Department of Automation, Shanghai Jiao Tong University, and Key Laboratory of System Control and Information Processing, Ministry of Education of China, Shanghai 200240, China.
BMC Bioinformatics. 2012 May 31;13:118. doi: 10.1186/1471-2105-13-118.
Adenosine-5'-triphosphate (ATP) is one of multifunctional nucleotides and plays an important role in cell biology as a coenzyme interacting with proteins. Revealing the binding sites between protein and ATP is significantly important to understand the functionality of the proteins and the mechanisms of protein-ATP complex.
In this paper, we propose a novel framework for predicting the proteins' functional residues, through which they can bind with ATP molecules. The new prediction protocol is achieved by combination of sequence evolutional information and bi-profile sampling of multi-view sequential features and the sequence derived structural features. The hypothesis for this strategy is single-view feature can only represent partial target's knowledge and multiple sources of descriptors can be complementary.
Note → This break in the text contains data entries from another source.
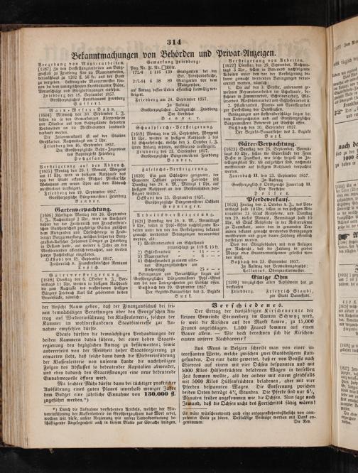 Grabgarten bei der Sct. Leonhardskirche, Grabgarten vor dem Mainzerthor, auf Antrag deſſen Erben öffentlich freiwillig ver⸗ ſteigert. Friedberg am 24. September 1857. In Auftrag Großberzogliches Ortsgericht Der Vorſteher Be n id ie r: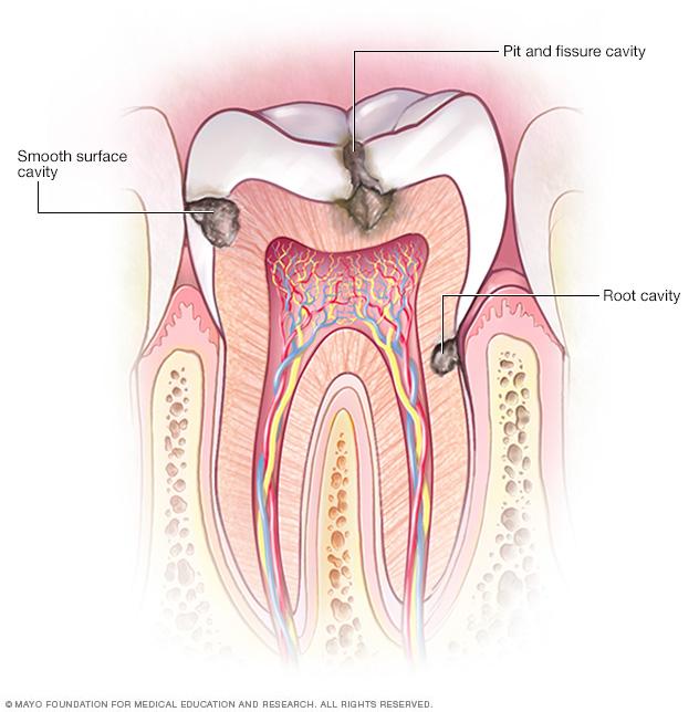 Cavities are areas in the hard surface of your teeth that are damaged. These areas of tooth decay become tiny openings or holes that can lead to a serious toothache, infection and tooth loss. There are several causes of cavities, including bacteria in your mouth, snacking a lot, sipping sugary drinks and not cleaning your teeth well.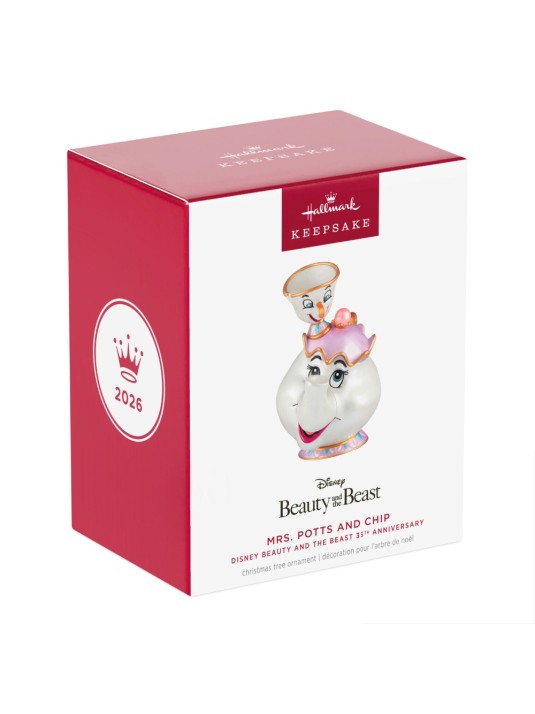 There's nothing like a friendly teapot to make the holidays a bit brighter! Celebrate the 35th anniversary of the enchanting Disney movie "Beauty and the Beast" with this Christmas tree ornament featuring the delightfully optimistic and nurturing housekeeper of the castle, Mrs. Potts, and her little boy, Chip the teacup.
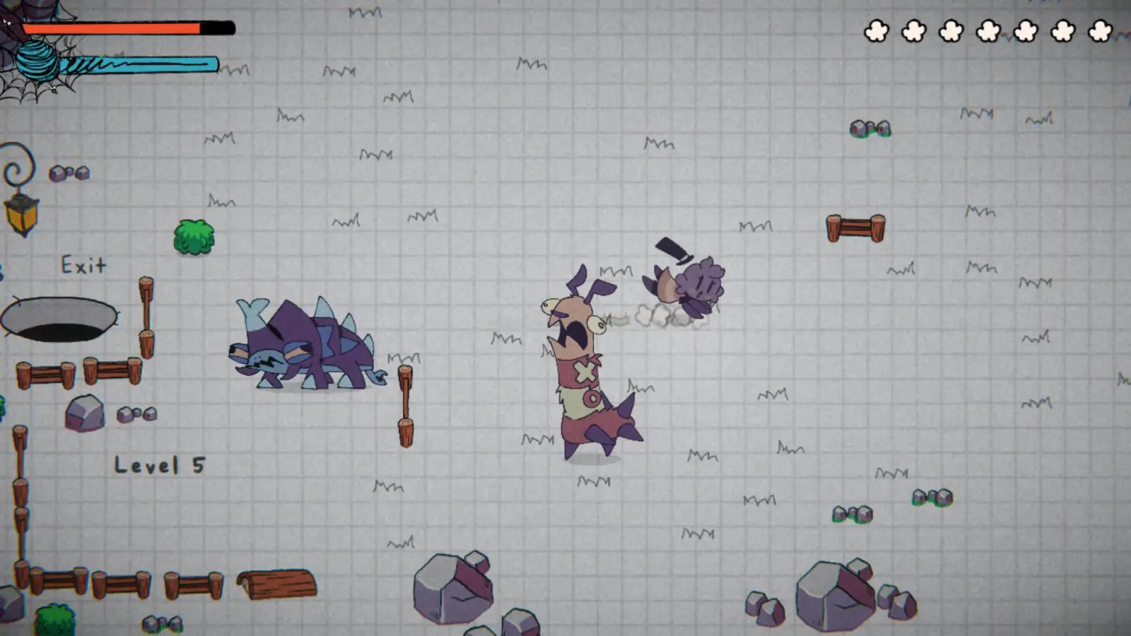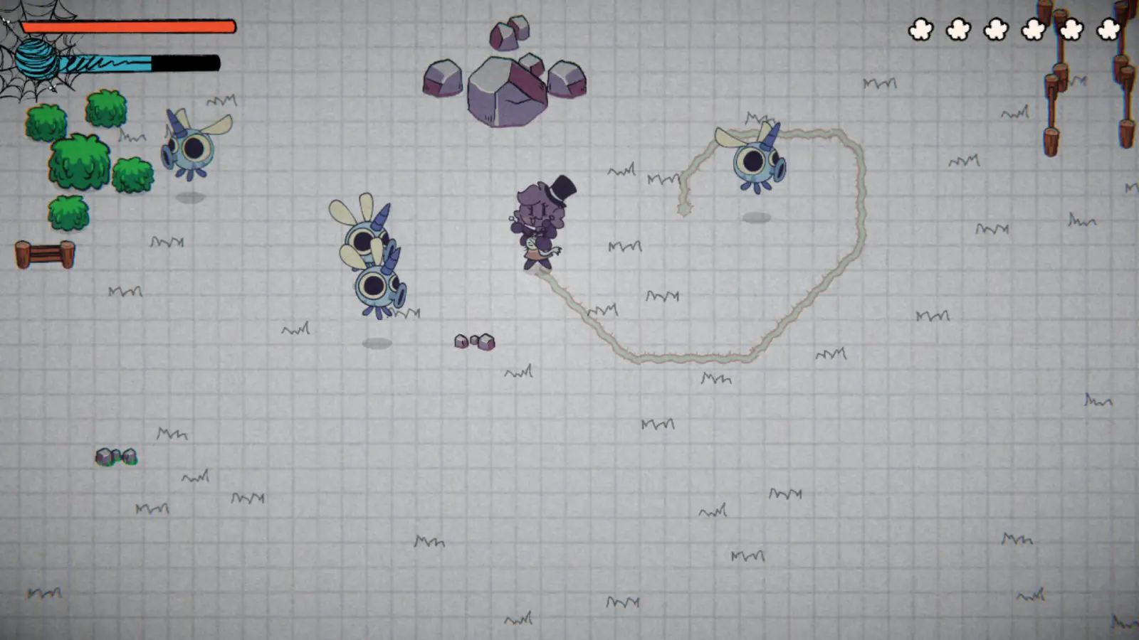 1.在地图上移动,快速冲刺,找到那些不守规矩的昆虫,用蜘蛛网困住它们。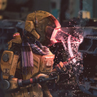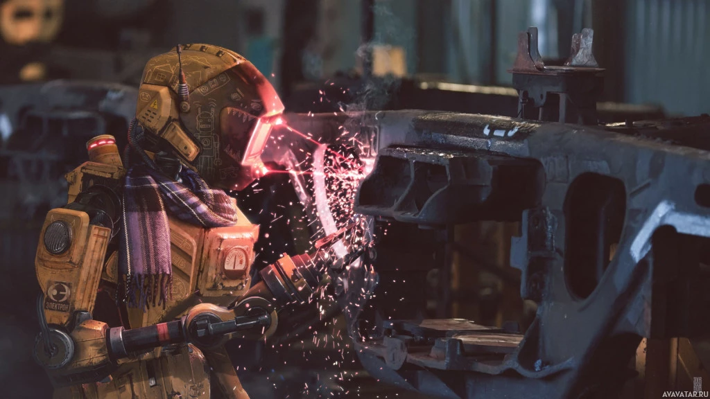 protective gear and seems to be working on a mechanical assembly, possibly welding or repairing it. The background suggests that this could be part of a workshop or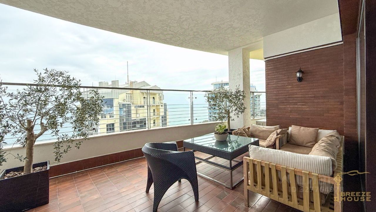 Площадь квартиры — 116,4 м² плюс открытая видовая терраса 25 м², идеально подходящая для отдыха с видом на море.

Prediction performances evaluated by both 5-fold and leave-one-out jackknife cross-validation tests on two benchmark datasets consisting of 168 and 227 non-homologous ATP binding proteins respectively demonstrate the efficacy of the proposed protocol. Our experimental results also reveal that the residue structural characteristics of real protein-ATP binding sites are significant different from those normal ones, for example the binding residues do not show high solvent accessibility propensities, and the bindings prefer to occur at the conjoint points between different secondary structure segments. Furthermore, results also show that performance is affected by the imbalanced training datasets by testing multiple ratios between positive and negative samples in the experiments. Increasing the dataset scale is also demonstrated useful for improving the prediction performances.
三磷酸腺苷(ATP)是一种多功能核苷酸,作为与蛋白质相互作用的辅酶,在细胞生物学中发挥着重要作用。揭示蛋白质与 ATP 之间的结合位点对于理解蛋白质的功能和蛋白质-ATP 复合物的机制具有重要意义。
在本文中,我们提出了一种新的框架,用于预测与 ATP 分子结合的蛋白质功能残基。新的预测方案是通过序列进化信息和多视图序列特征的双谱采样以及序列衍生结构特征的组合来实现的。该策略的假设是单视图特征只能代表部分目标的知识,并且多个描述符来源可以互补。
通过对包含 168 个和 227 个非同源 ATP 结合蛋白的两个基准数据集进行的 5 折和留一法 jackknife 交叉验证测试的预测性能评估表明了该方案的有效性。我们的实验结果还表明,真实蛋白质-ATP 结合位点的残基结构特征与正常残基显著不同,例如结合残基不显示高溶剂可及性倾向,并且结合更倾向于发生在不同二级结构片段的连接点处。此外,通过在实验中测试多个正样本和负样本之间的比例,结果还表明性能受到不平衡训练数据集的影响。增加数据集规模也被证明有助于提高预测性能。